RNAscope probes for P. vitticeps EDA-A1 and EDAR were designed by ACDbio (sequence available from the company upon request), and all reagents were directly purchased from ACDbio. All tissue processing steps were performed according to the manufacturer’s instructions and as described for murine dentition (). For pretreatments, paraffin sections were preheated at 60°C, deparaffinized and rehydrated, and dried again at 60°C. Sections were then treated with hydrogen peroxide for 10 min and incubated in target retrieval solution at 85°C for 30 min. Last, the sections were dehydrated in absolute ethanol and dried for 30 min at 60°C. For counterstaining, slides were incubated in 50% hematoxylin solution for 30 s. Stained slides were imaged and processed as described above for ISH.

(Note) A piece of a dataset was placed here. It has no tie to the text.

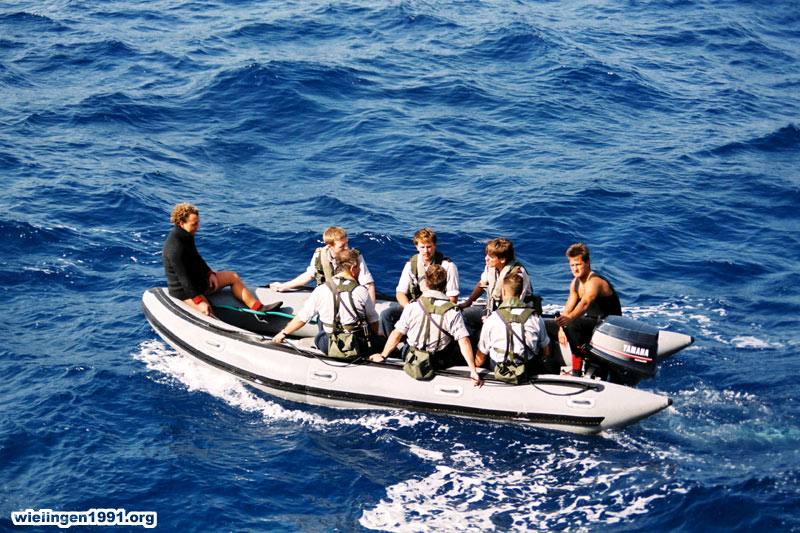 Les 2 zodiacs du "Boarding Team" poussent vers le navire suspect pour le visiter. (nord
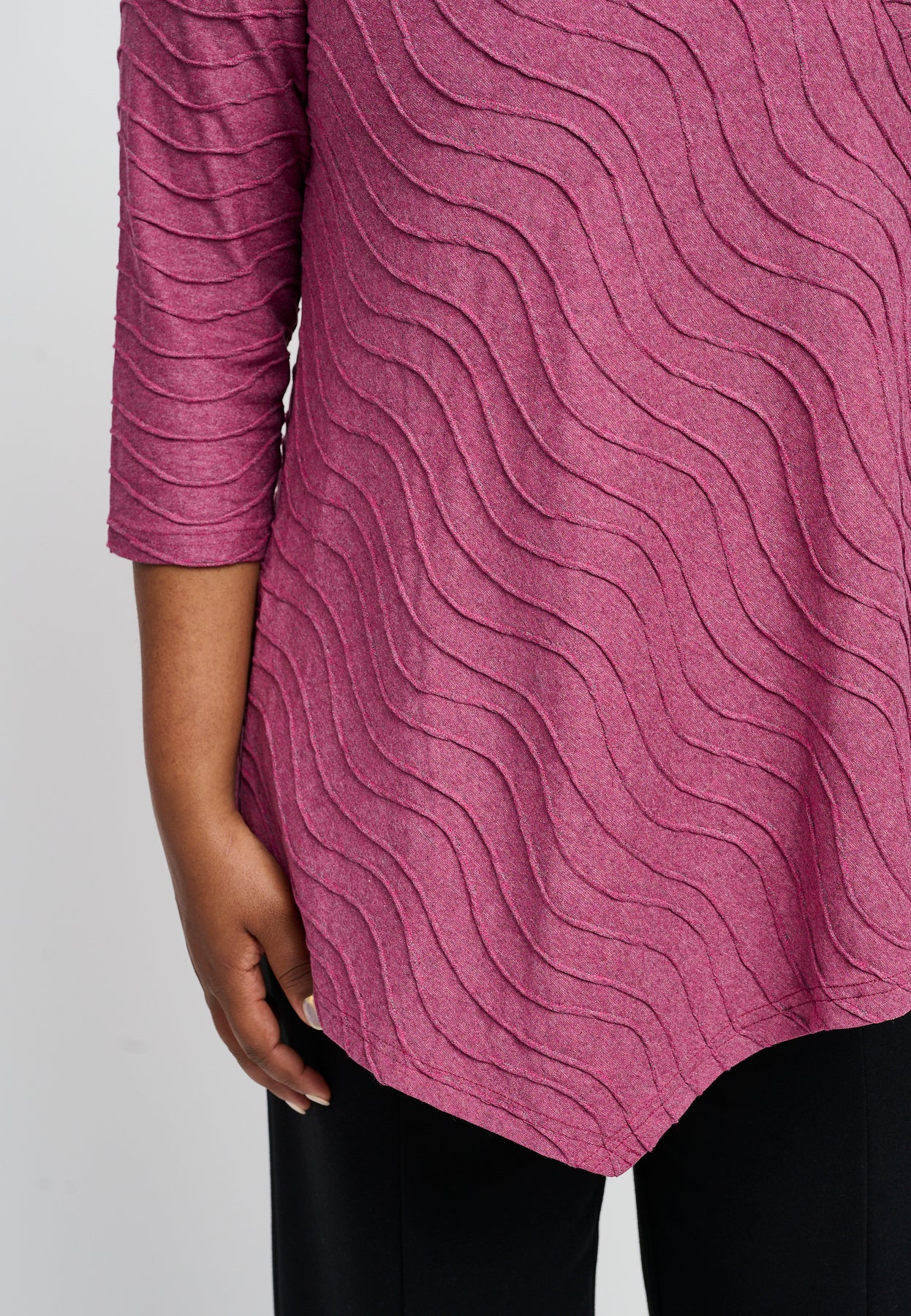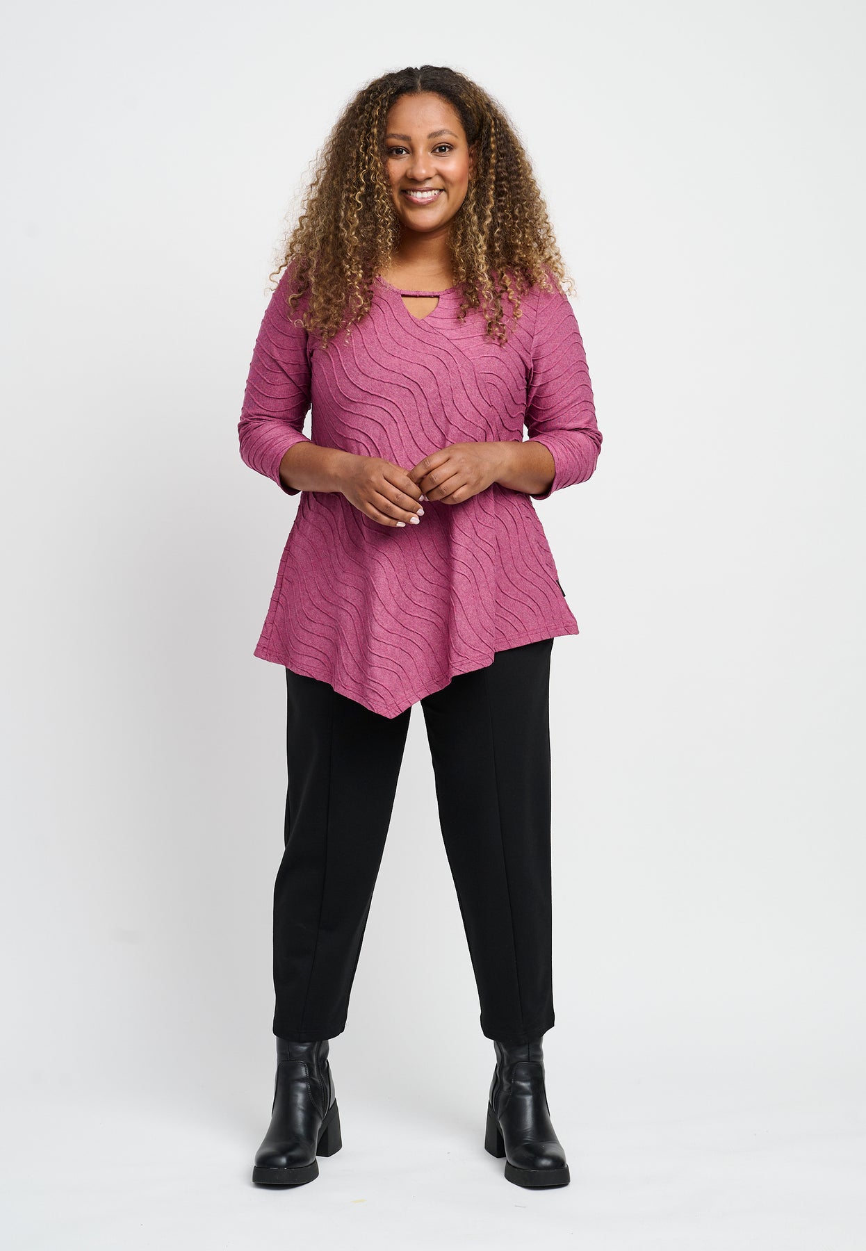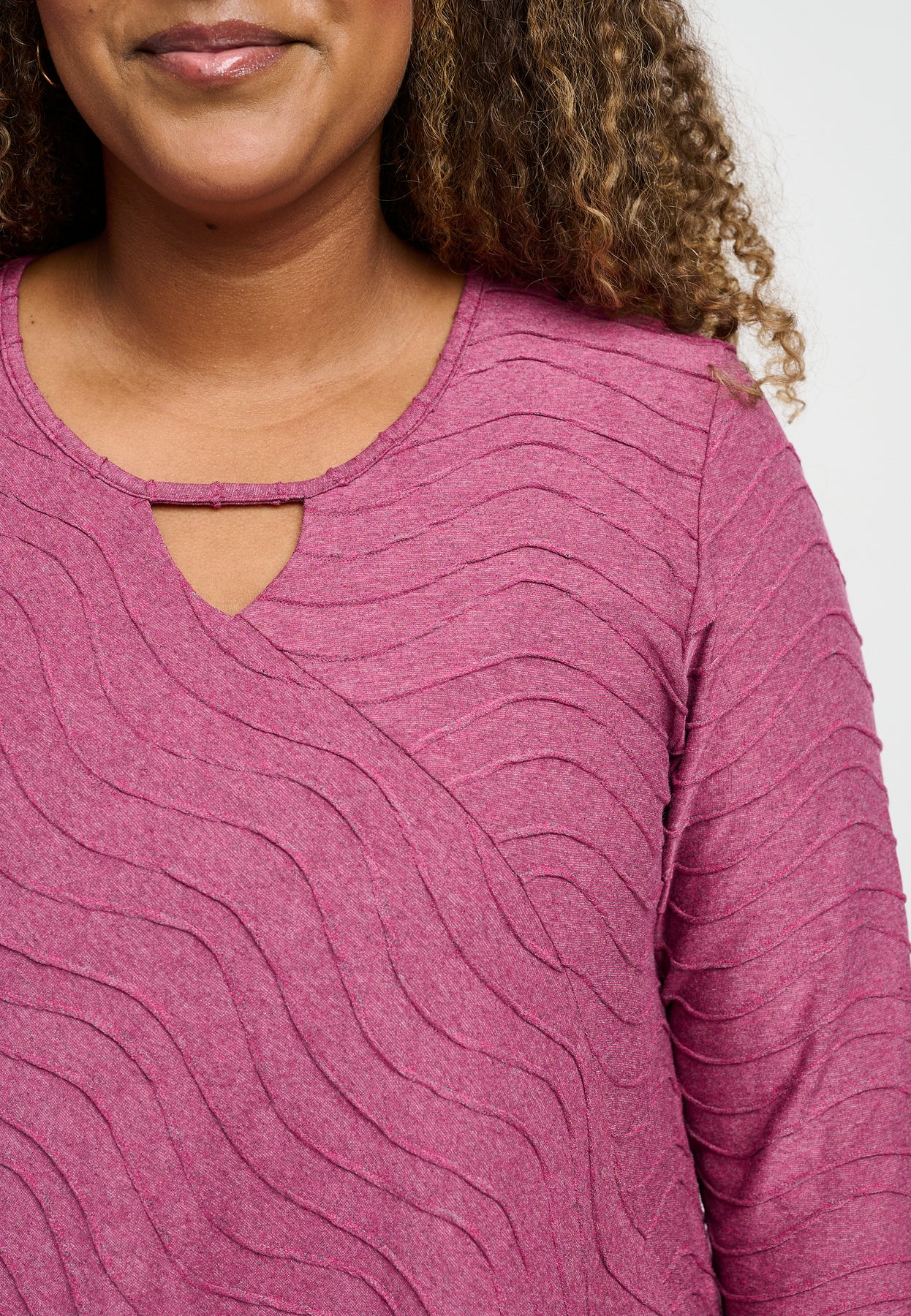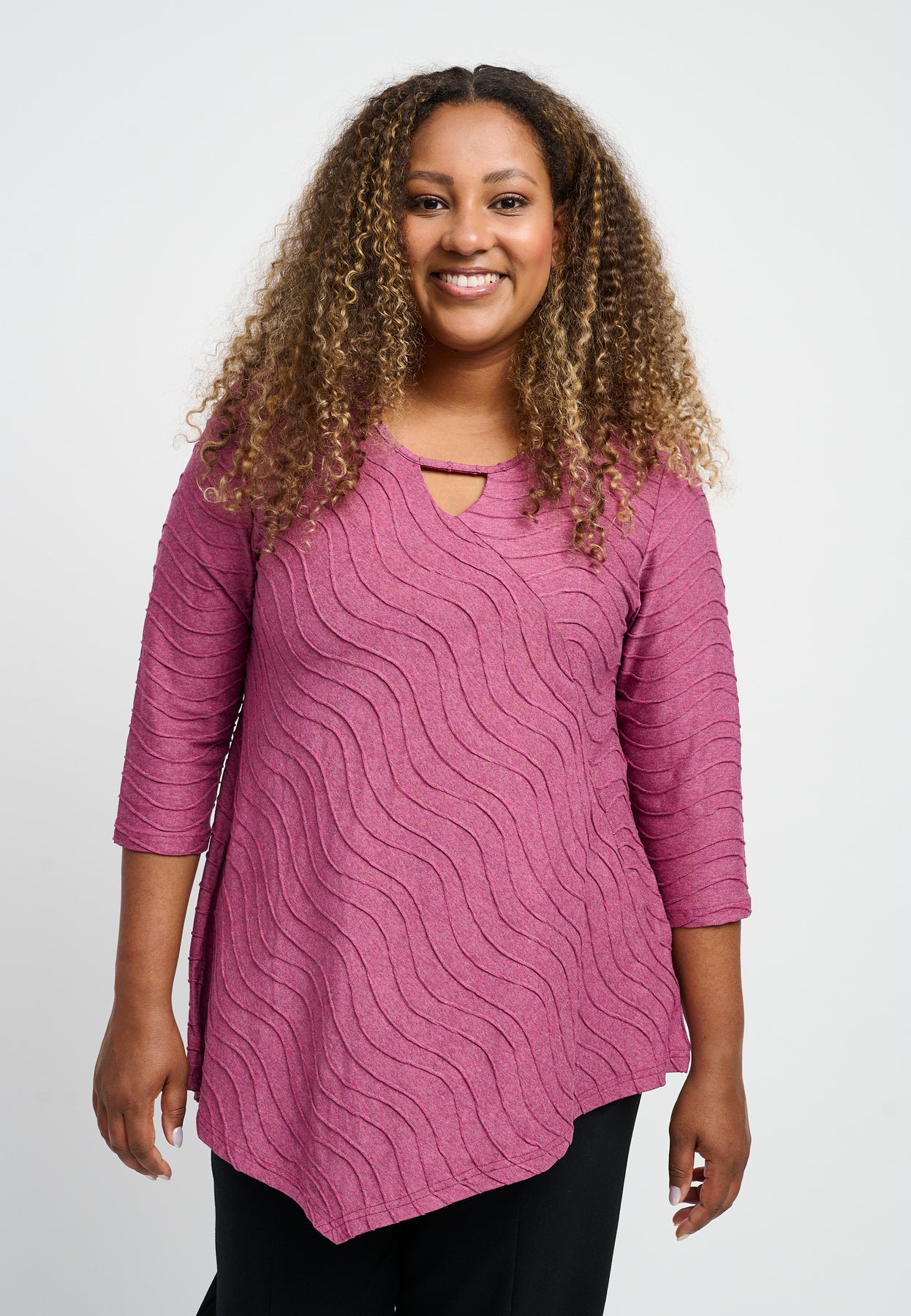 Fin bluse med ¾-lange ærmer og en unik halsudskæring. Den har et asymmetrisk design og et bølget mønster i lyse og glade farver. Blusen er udført i en skøn viskosekvalitet med stræk, og den har en A-formet pasform.

Laser microdissection, RNA sequencing, and transcriptome analysis

We analyzed the transcriptome of laser-microdissected dental tissues corresponding to posterior (acrodont position in wild type) and anteriormost (pleurodont position) dentition at hatchling SDL stage (corresponding to embryonic DL/initiation tooth stage) in three wild-type and three Sca/+ P. vitticeps. Tissue processing and sectioning, laser capture microdissection of epithelial and mesenchymal tissues using a Zeiss PALM Microbeam device equipped with a Zeiss AxioCam IC camera and PALM Robo software, and RNA extraction were performed as described before (). Because of the nature of the experiment, the exact dental phenotype of Sca/+ samples could not be determined before tissue processing, but rough visual assessment before sectioning suggested that all three mutant samples had a representative abnormal dentary phenotype anteriorly. RNA integrity and concentration were assessed using Bioanalyzer RNA 6000 pico assays (Agilent). Ribosomal RNA (rRNA) depleted libraries were produced using the Nugen Ovation SoLo kit, and paired-end sequencing was done on a NextSeq 500 platform (Illumina, USA). Initial quality trimming, length filtering, and adapter sequence removal of reads were done as before (). The STAR software () was used for sequence alignment to the P. vitticeps genome () and for generating count data. Count data were subsequently used for normalization, and differential gene expression analysis was conducted with edgeR () using three biological replicates. Genes with false discovery rate–corrected P values <0.05 were considered differentially expressed (table S2). MDS and PC analyses were carried out on normalized count data using the ClustVis v1 and iDEP v0.91 web applications for differential expression and pathway analysis (, ). GO analyses, including GO term enrichment analysis of PC rotation, were performed using biological process GO terms in iDEP v0.91.

Tooth explant cultures

The mandibles from six wild-type embryos corresponding to tooth DL/initiation stage (32 dpo) were dissected and divided vertically into left and right dentary components with a scalpel to obtain both control and test tissues from the same individuals (Fig. 4A). Each dentary was placed onto Millicell 0.4-μm cell culture inserts (Millipore) in six-well plates filled with DMEM/F12 medium (Gibco) containing 10% fetal calf serum, penicillin-streptomycin (100 U/ml; Gibco), 1:100 nystatin (Gibco), 1:100 amphotericin B (Gibco), and ascorbic acid (0.1 mg/ml). Dentaries were cultured at the air-liquid interface for 7 days at 35°C with 5% CO2 in the presence of 20 or 40 μM BAY 11-7082 (Abcam, catalog no. ab141228) dissolved in 100% ethanol or the corresponding volume of vehicle (100% ethanol). To assess proliferation, BrdU (Sigma-Aldrich) was added to the culture medium at 10 μM for 24 hours before the end of the cultures. Culture samples were then fixed in 4% PFA overnight, processed into paraffin blocks, and sectioned at 5 μm. BrdU IHC was performed on sections as described above. Cell counts of both proliferative BrdU-positive cells and total number of cells (based on DAPI staining) were done on three to five sections corresponding to each individual tooth using the “Count” tool on Adobe Photoshop CC, and BrdU/DAPI ratio was used to determine the mitotic index. Tooth area was calculated through manual selection of the tooth germ (including the enamel organ and DL) and analysis of the size of the selection using the “Analyze particles” tool of ImageJ program. Statistical significance was calculated using Student’s t test in Microsoft Excel, and significance was determined at P value <0.05.